Why the West’s rulers avoid Asia’s World War II parade
The imperialists “owned” it. They lost it. They thought they were getting it back. They lost it again.
As a class, today’s Western superrich know that their class ancestors up until the 1930s controlled and plundered all of East Asia and exploited its hundreds of millions of workers and peasants. Their colonial rule starved, beat and cheated the people they found living in Asia, but the colonialists censored that part of the story.
Japanese imperialism, which developed after the European brand, seized the Korean peninsula in 1905. It later waged war aimed at conquering China and replacing the Western colonialists elsewhere.
The Japanese military carried out massacres against local civilians. It also replaced Dutch rule of Indonesia, French rule of Indochina, British rule of Burma and Malaysia and pushed the other imperialists out of much of China. Japanese colonialism continued the brutality against the colonial peoples, as the Asian countries celebrating the parade in Beijing this Sept. 3 can testify to.
That the U.S. also waged war against Japan from 1941-45 was due neither to the U.S. rulers’ love for democracy nor its hatred for Japan’s military dictatorship. World War II in the Pacific was a battle between these two competing imperialist powers to control and plunder Asia and the Pacific. Besides the worker and farmer soldiers who died, this war cost the lives of tens of millions of civilians in Asia, including in Japan.
The Japanese occupation of Asia aroused a powerful resistance in the newly conquered countries. The national resistance movements — especially where Communist parties were leading them — waged heroic and effective guerrilla wars against the Japanese military. These movements made great contributions to the defeat of Japanese militarism.
Corporate media coverage of the 80th anniversary events will minimize this contribution by the Asian peoples and by the Communist parties. Just as in commemorations of the war in Europe, where the Soviet Union’s great sacrifices bringing about the defeat of Nazi Germany are minimized, so too the facts are distorted regarding the Asian theater of World War II.
The war among the imperialists for hegemony, while creating havoc and suffering for hundreds of millions of people, weakened imperialist rule. This in turn made liberation more likely for colonized peoples. While the imperialist powers attempted to reconquer the peoples they had plundered earlier, these interventions often failed.
It’s true that British, U.S. and French intervention massacred the local population and in some places stopped liberation from taking place. However, Communist-led movements succeeded in liberating China, much of Indochina and part of Korea, despite the continued imperialist war crimes in these areas. U.S. troops remained for decades in Thailand and Vietnam and are still in Japan and South Korea and again in the Philippines.
After the Soviet Union dissolved in 1991 and when China opened to the imperialist-controlled world market, the imperialists’ strategists said history had ended. They likely expected East Asia to fall back under Western imperialist control, perhaps this time in alliance with Tokyo. They were disappointed.
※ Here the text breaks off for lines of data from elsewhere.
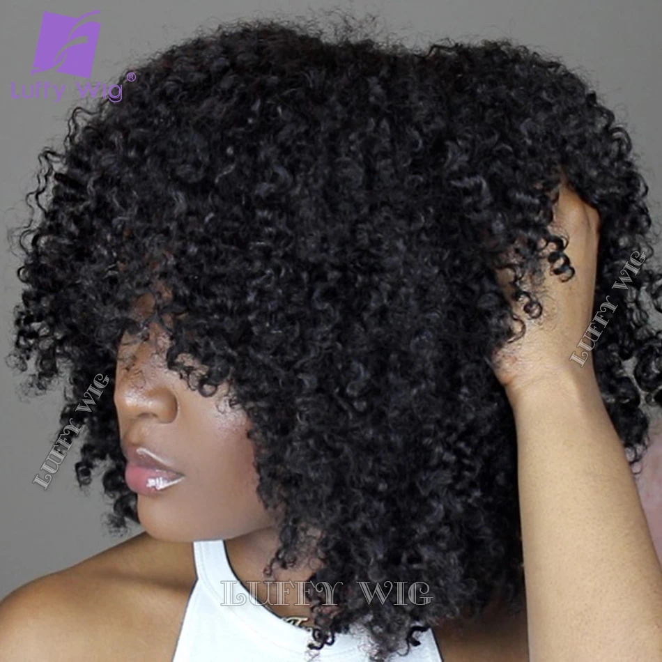 Парик Luffywig из кудрявых человеческих волос с челкой, парик на основе головы, полностью изготовленный в машине, с челкой, парики без повреждений из бразильских волос для женщин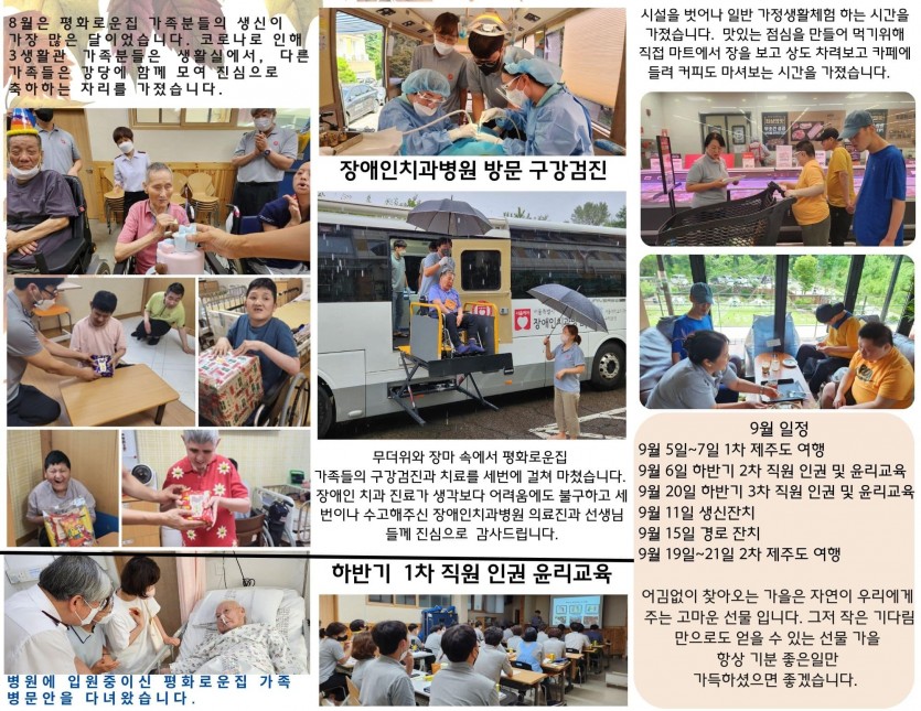 2023년 9월 후원 감사편지 페이지 정보 작성자 장설궁 작성일 23-09-01 10:13 조회 8,122회 댓글 0건 본문 즐거운 9월입니다. 무더위가 가득했던 여름이 조금씩 지나가고 신선함을 느낄 수 있는 날이 조금씩 가까워지는 것 같습니다.환절기 감기 유의하시고 즐거움 가득 기쁨 가득한 하루 보내시길 바라며평화로운집 9월 이야기 보내드립니다. ^^ 이전글 다음글 목록
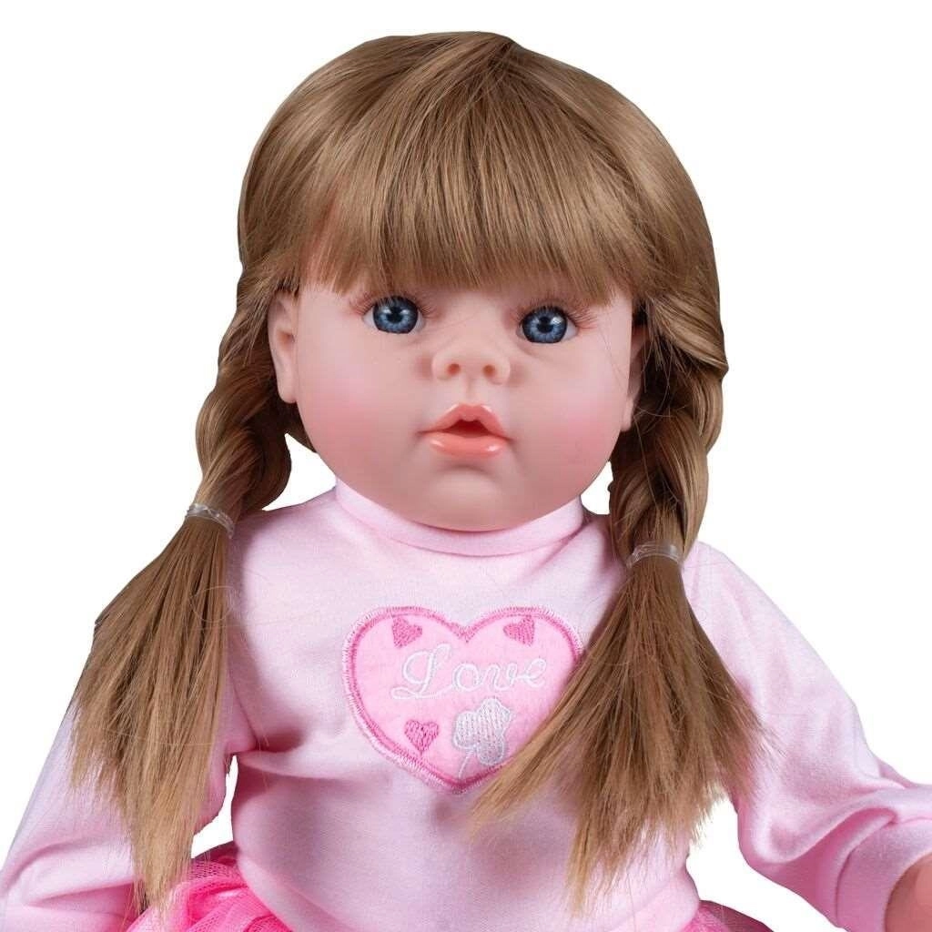 Punčka PlayTo Tina dolžine 46 cm je odličen spremljevalec za igre vlog mamice in očka. Realistične obrazne poteze, spleteni rjavi lasje in nežna oblačila v rožnatih tonih spodbujajo nežno igro in skrb. Zaradi mehkega telesca je punčka prijetna za crkljanje, medtem ko gumijasti udi in glava zagotavljajo vzdržljivost pri vsakodnevni uporabi.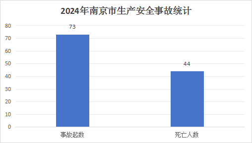 2024年,南京市共发生生产安全事故73起、死亡44人,同比分别下降12%、10.2%。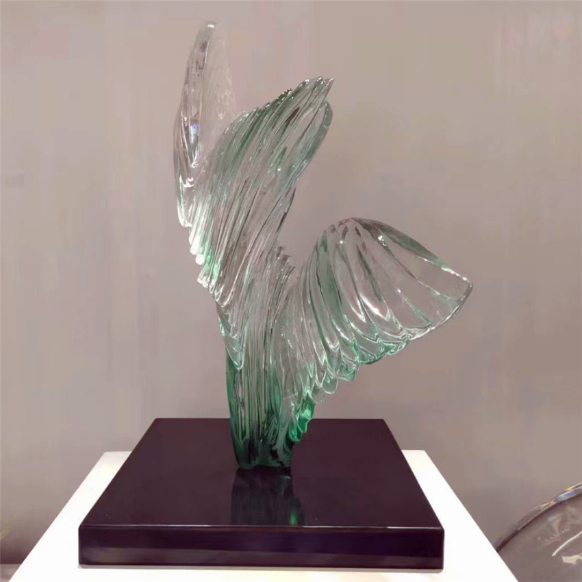 높은 거실 추상 창조적 인 날개 예술 조각을 비행 라이트 럭셔리 호텔 투명 수지 장식품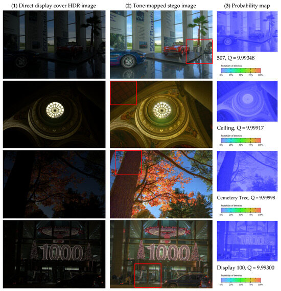 Six HDR images: (1) direct displayed HDR image, first column; (2) tone-mapped stego HDR image, second column; (3) the probability map image, third column. The blue in the probability map shows a probability of different detection of less than 5% between the cover and stego HDR image.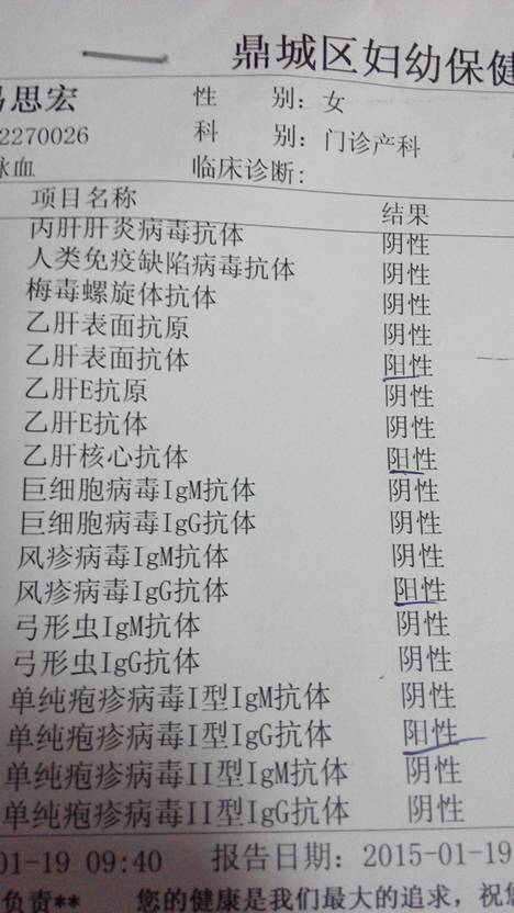 我孕前检查~乙肝表面抗体~乙肝核心抗体~单纯疱疹病毒 i型 igg抗体~风疹病毒 igg抗体成阳性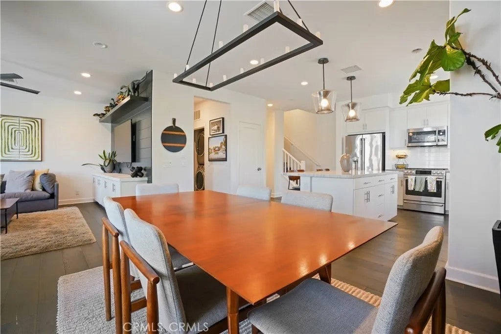 Experience modern living in this beautifully townhome-style condo, where comfort meets sophistication and thoughtful design. Motivated seller will credit 15k to the buyer the use of ONE of these options: a mortgage rate buydown, credit toward closing cost or reduction of price. 4 bedroom 2.5 bathroom, a light-filled open-concept layout creates an inviting, yet refined atmosphere, expansive living and dining areas offer seamless flow for entertaining and everyday living, large windows fill the home with natural light that enhances its warm, upscale feel, and a thoughtfully designed flooring and bedroom carpet. The modern kitchen showcases quartz countertops, an island, stainless steel appliances, upgraded soft close cabinetry with new hardware, backsplash, a large Island, luxury flooring throughout adds durability and elegance. Bathrooms feature updated vanities, contemporary fixtures, walk-in shower, tub, recessed lighting, and upgraded finishes, along with a walk-in closet, plenty of linen closets, and entertainment centers in both first and second-level living rooms, where functionality is key. Every space feels polished yet welcoming, supporting a relaxed and sophisticated lifestyle perfect for quiet evenings, entertaining guests, or working from home in a bright, inspiring environment. A private rooftop space adds a rare and desirable outdoor extension of the home, ideal for enjoying fresh air, relaxing, or gathering with friends to enjoy the fireworks show from Disneyland. The well-maintained community grounds provide a welcoming neighborhood setting with a sense of privacy while still being moments from Downtown Anaheim, the Anaheim Packing House, shopping, dining, entertainment, and convenient freeway access. This residence also offers fully paid solar energy efficiency and long-term savings, EV charging access for modern convenience, a direct access attached two-car garage plus two additional assigned parking spaces, and desirable HOA amenities including BBQ areas, firepit sitting area, greenbelt/pet friendly walk areas, enhancing everyday lifestyle and value in one of Anaheim’s most connected locations. Communter -close to 5, 57 and 91 freeways. Hurry! Make this your beautiful home and start creating unforgettable memories.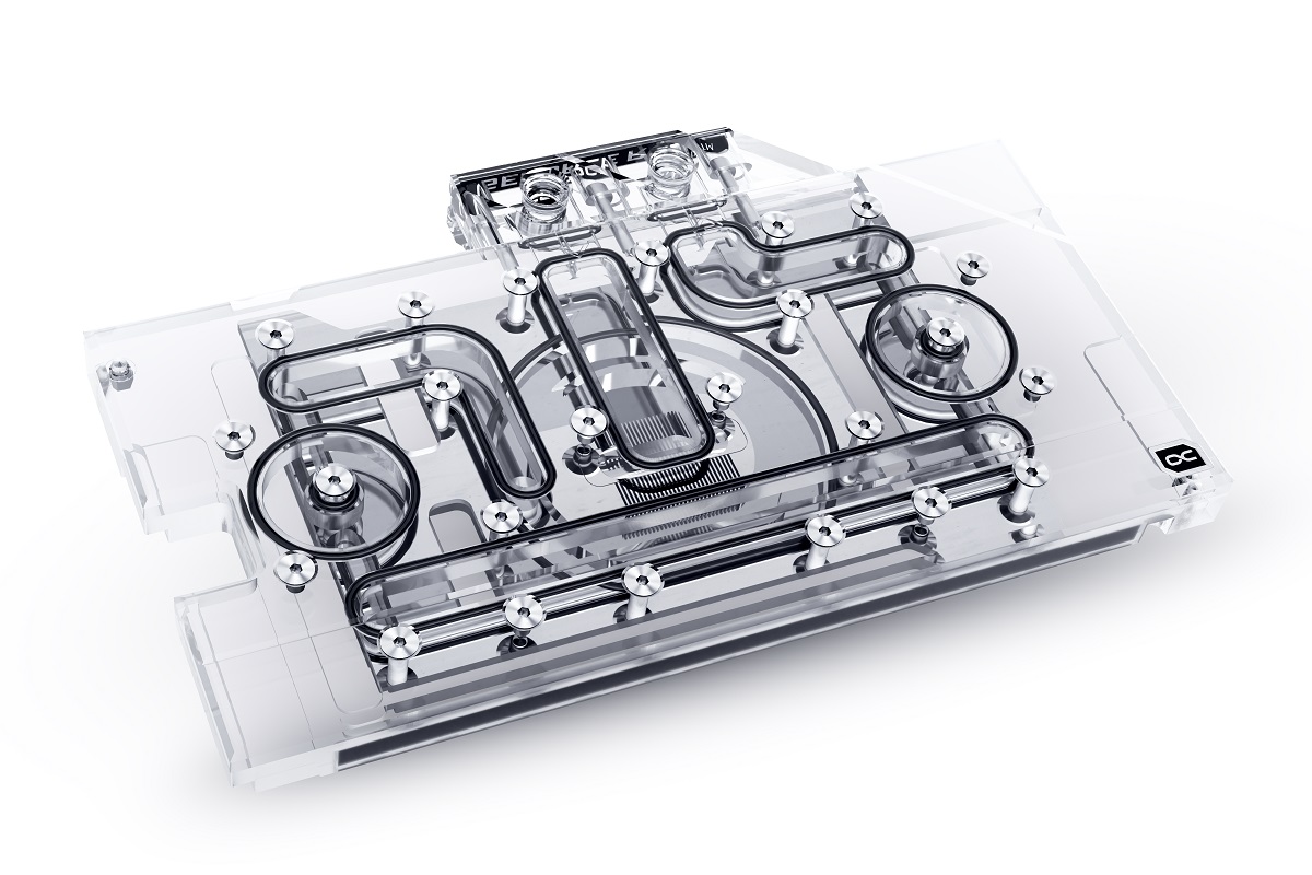 Bei der Entwicklung des Eisblock Aurora Acryl GPX-N RTX 3070 TUF/DUAL Grafikkarten-Wasserkühlers wurde natürlich auch Wert auf eine Leistungssteigerung gelegt. Im ersten Schritt wurde der Kühler näher an die einzelnen Bauteile gebracht, indem man die Wärmeleitpads auf eine Dicke von 1 mm reduziert hat. Im zweiten Schritt wurde der vernickelte Kupferblock ebenfalls dünner gestaltet. Statt bisher 7 mm ist er nur noch 5,5 mm dick. Der Wasserfluss wurde innerhalb des Kühlers ebenfalls optimiert. Alle wichtigen Bauteile wie die Spannungswandler und der RAM werden nun deutlich besser und effektiver vom Wasser gekühlt. Das alles sorgt für eine signifikante Steigerung der Kühlleistung.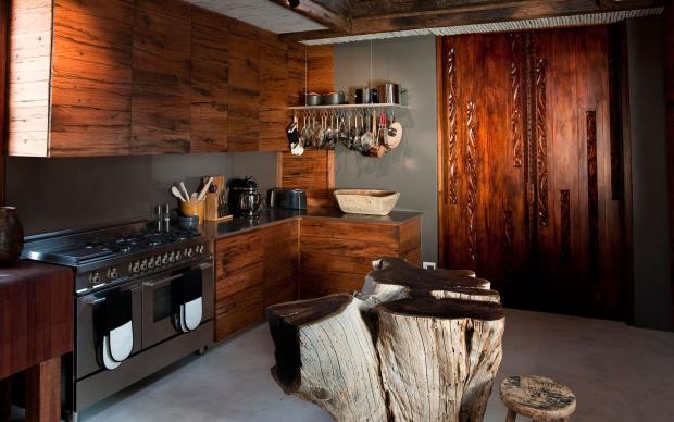 Есть немало стройматериалов, которые подходят для отделки поверхностей – камень, дерево, обои с характерным для Африки узором.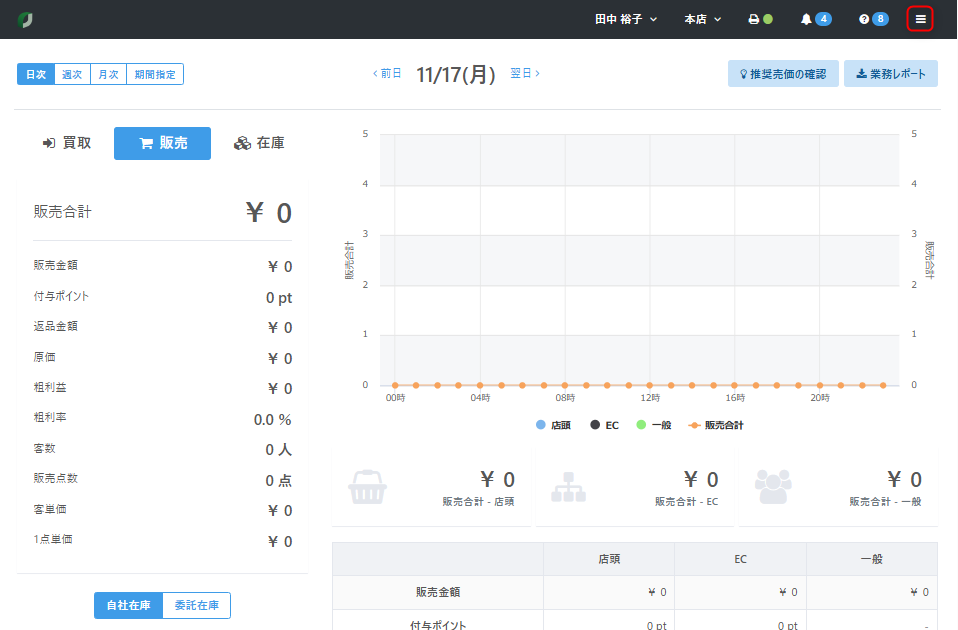 画面右上に表示されるスタッフ名店舗名を確認します。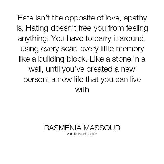 Hate isn’t the opposite of love, apathy is. Hating doesn’t free you from feeling anything. You have to carry it around, using every scar, every little memory like a building block. Like a stone in a wall, until you’ve created a new person, a new life that you can live with

China, still with a socialist goal and held together by a strong Communist Party and peoples militia, has proved to be an opposing economic and diplomatic pole to the U.S.-West European-Japanese imperialist cabal that has dominated the rest of the world. An international meeting in Tianjin that just ended showed how China’s now powerful economy offers an alternative to the current imperialist domination of the world market.
The celebratory parade in Beijing further demonstrates the imperialist decline. It also revives the lesson that imperialist war can turn into a war for liberation of peoples and victory for the working class. That’s why the imperialists are so hostile to the parade.